In light of the well-documented linear relationship between hours of TV watched per week and the risk of obesity, both in kids and adults, TV Allowance can play a significant role in parental efforts to encourage children to reduce sedentary behavior to prevent obesity, said Dr. Yanovski, a family physician who is director of the obesity and, eating disorders program at the National Institute of Diabetes and Digestive and Kidney Diseases in Bethesda, Md.
Here's how TV Allowance works: Parents allot their children a certain amount of TV viewing. "In our house it happens to be 4 hours a week per kid," Dr. Yanovski said. Then each child chooses a four-digit PIN. When they want to watch a show they enter their secret code.
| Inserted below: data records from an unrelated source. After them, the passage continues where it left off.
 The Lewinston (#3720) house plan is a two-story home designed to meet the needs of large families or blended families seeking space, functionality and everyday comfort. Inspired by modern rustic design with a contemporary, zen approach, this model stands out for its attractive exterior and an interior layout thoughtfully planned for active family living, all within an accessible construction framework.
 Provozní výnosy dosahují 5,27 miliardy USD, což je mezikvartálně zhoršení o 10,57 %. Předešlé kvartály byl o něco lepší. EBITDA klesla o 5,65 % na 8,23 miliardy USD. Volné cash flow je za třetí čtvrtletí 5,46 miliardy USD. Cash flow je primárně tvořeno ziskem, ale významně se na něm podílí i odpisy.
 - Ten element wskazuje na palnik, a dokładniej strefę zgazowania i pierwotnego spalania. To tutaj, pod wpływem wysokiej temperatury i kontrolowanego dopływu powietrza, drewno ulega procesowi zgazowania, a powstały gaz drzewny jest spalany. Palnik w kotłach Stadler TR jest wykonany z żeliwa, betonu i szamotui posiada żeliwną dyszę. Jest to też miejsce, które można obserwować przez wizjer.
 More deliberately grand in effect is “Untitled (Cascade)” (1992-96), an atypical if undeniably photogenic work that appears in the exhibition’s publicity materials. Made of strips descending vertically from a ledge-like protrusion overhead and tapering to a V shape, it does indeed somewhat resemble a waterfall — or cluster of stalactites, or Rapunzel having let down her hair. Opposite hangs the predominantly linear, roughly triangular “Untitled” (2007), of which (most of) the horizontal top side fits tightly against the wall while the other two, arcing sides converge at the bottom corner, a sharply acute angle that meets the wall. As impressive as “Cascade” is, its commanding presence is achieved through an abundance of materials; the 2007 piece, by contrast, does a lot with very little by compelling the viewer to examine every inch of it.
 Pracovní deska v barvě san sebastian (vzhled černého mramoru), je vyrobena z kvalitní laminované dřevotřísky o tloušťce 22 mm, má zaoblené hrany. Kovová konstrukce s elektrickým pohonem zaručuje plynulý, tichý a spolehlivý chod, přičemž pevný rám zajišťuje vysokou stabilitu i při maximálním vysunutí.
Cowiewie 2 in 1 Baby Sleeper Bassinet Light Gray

"They decide when and what they're going to watch. And when their weekly time is up, the TV shuts off. It takes away the locus of control battles between parent and child," she said at the conference, sponsored by the University of New Mexico.
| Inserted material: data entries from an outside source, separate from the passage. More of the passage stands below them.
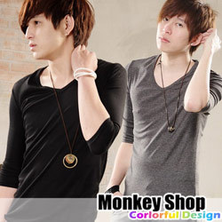 《小猴子的賣場》韓版百搭素面V領七分袖T恤-6色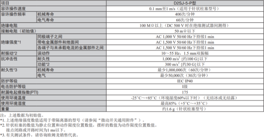 歐姆龍D2SJ擁有19.8mm×6.4mm×10.2mm的超小型封裝,和封密型輕觸開關(guān)一樣,歐姆龍D2SJ采用了防塵、防水措施,能夠在-25℃~+85℃(濕度環(huán)境60%以下)等環(huán)境惡劣中也保持較高的性能。除此之外,在環(huán)境溫度20±2℃ 、環(huán)境濕度65±5%RH、操作頻率30次/min的情況下,歐姆龍D2SJ最大可達(dá)250V的額定電壓,5A的阻性負(fù)載,適用于更廣泛的產(chǎn)品。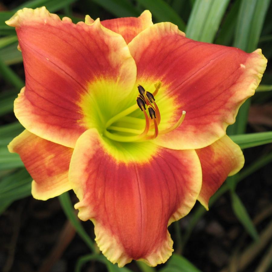 Высота — 30 см; диаметр цветка — 5 см. Среднеранний (конец июля); Красный с желтой окантовкой.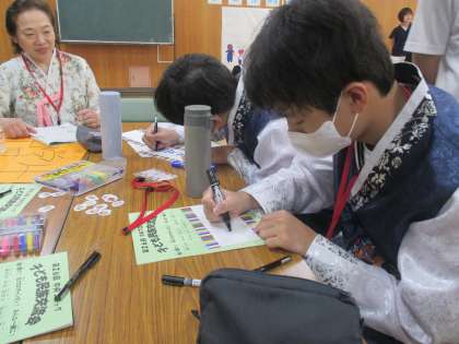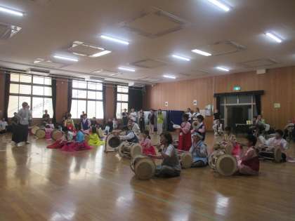 ソンセンニムの楽器演奏から始まり、パランチプソンニムという遊びで交流をして盛り上がりました。イルムを制作したり、ウリナラの楽器について学んだあと、各学年に分かれて練習をしました。
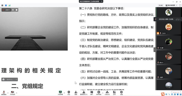 培訓(xùn)圍繞集團(tuán)公司章程規(guī)定、部門職責(zé)、三重一大規(guī)定三個方面作了系統(tǒng)講解,著重從合法、合規(guī)性方面進(jìn)行了分析。此次培訓(xùn),有效促進(jìn)了制度建設(shè)工作的法治化和規(guī)范化。下一步,集團(tuán)公司將結(jié)合上級要求,持續(xù)加強制度管理體系的建設(shè),優(yōu)化管理流程,筑牢集團(tuán)公司高質(zhì)量發(fā)展基石。

Television watching was first identified as a risk factor for obesity in the 1990 National Longitudinal Survey on Youth. Among kids who watched no more than 1 hour per day, the prevalence of overweight was 18%. With 5 or more hours per day, the prevalence of overweight nearly doubled. This linear relationship has since been demonstrated in many other studies in children.
In a separate presentation, Dr. C. Barr Taylor, professor of psychiatry and medicine at Stanford (Calif. …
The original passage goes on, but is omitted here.